Only one span is wanted from the lines below: from the one with "Monte Solaro (1,919" up to and including the one with "브릿지저널 윤나영 기자". Copy it exactly, without images.

RECORDS PROVIDED Block Start

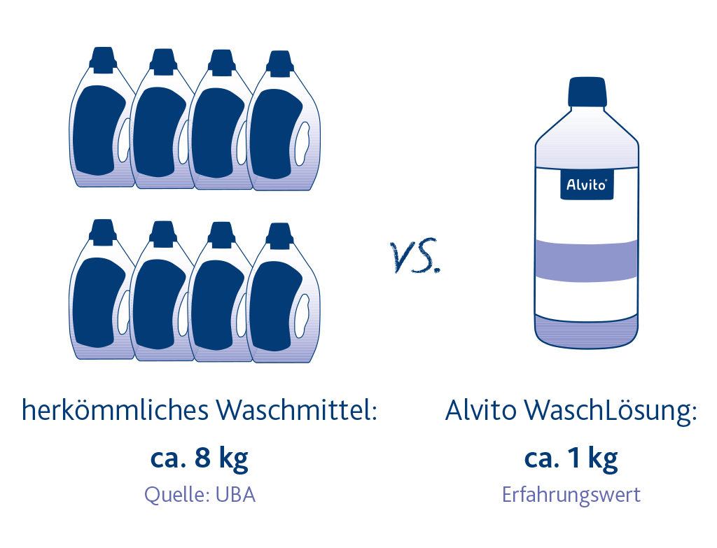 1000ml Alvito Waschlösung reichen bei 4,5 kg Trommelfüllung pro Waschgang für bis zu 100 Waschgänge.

RECORDS PROVIDED Block End
RECORDS PROVIDED Block Start

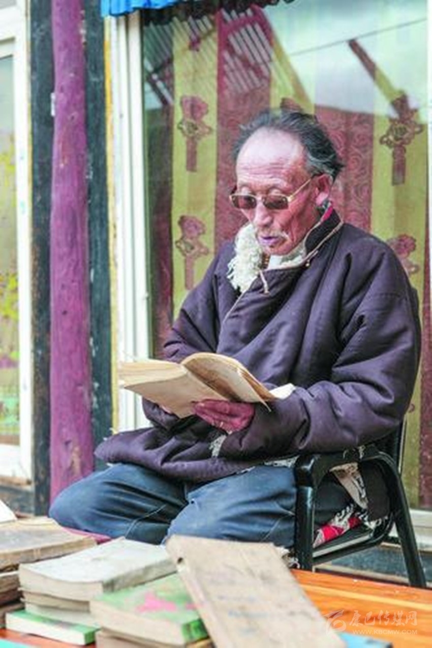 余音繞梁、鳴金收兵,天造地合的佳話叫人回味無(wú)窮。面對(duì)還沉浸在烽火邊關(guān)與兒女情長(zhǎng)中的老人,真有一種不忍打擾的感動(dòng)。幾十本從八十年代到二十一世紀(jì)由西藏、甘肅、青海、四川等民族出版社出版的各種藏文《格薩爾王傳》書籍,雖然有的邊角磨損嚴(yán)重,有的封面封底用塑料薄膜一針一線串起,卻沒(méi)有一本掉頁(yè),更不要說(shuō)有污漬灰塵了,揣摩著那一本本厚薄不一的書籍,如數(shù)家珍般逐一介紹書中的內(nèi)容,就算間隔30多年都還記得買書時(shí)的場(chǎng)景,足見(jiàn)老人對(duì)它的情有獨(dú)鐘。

RECORDS PROVIDED Block End
RECORDS PROVIDED Block Start

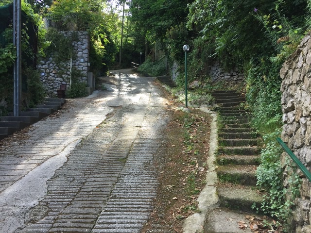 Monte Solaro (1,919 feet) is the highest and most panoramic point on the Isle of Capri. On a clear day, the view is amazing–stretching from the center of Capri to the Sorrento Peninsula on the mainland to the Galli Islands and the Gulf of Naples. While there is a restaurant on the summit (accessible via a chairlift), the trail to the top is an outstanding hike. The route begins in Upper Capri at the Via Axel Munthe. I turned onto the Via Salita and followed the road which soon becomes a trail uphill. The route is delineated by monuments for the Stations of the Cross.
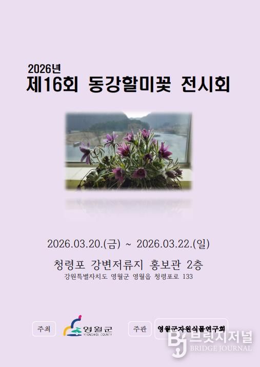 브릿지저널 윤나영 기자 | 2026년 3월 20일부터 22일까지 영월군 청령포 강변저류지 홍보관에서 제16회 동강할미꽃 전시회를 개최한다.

RECORDS PROVIDED Block End

RESPONSE TO THE TASK:
 Monte Solaro (1,919 feet) is the highest and most panoramic point on the Isle of Capri. On a clear day, the view is amazing–stretching from the center of Capri to the Sorrento Peninsula on the mainland to the Galli Islands and the Gulf of Naples. While there is a restaurant on the summit (accessible via a chairlift), the trail to the top is an outstanding hike. The route begins in Upper Capri at the Via Axel Munthe. I turned onto the Via Salita and followed the road which soon becomes a trail uphill. The route is delineated by monuments for the Stations of the Cross.
 브릿지저널 윤나영 기자 | 2026년 3월 20일부터 22일까지 영월군 청령포 강변저류지 홍보관에서 제16회 동강할미꽃 전시회를 개최한다.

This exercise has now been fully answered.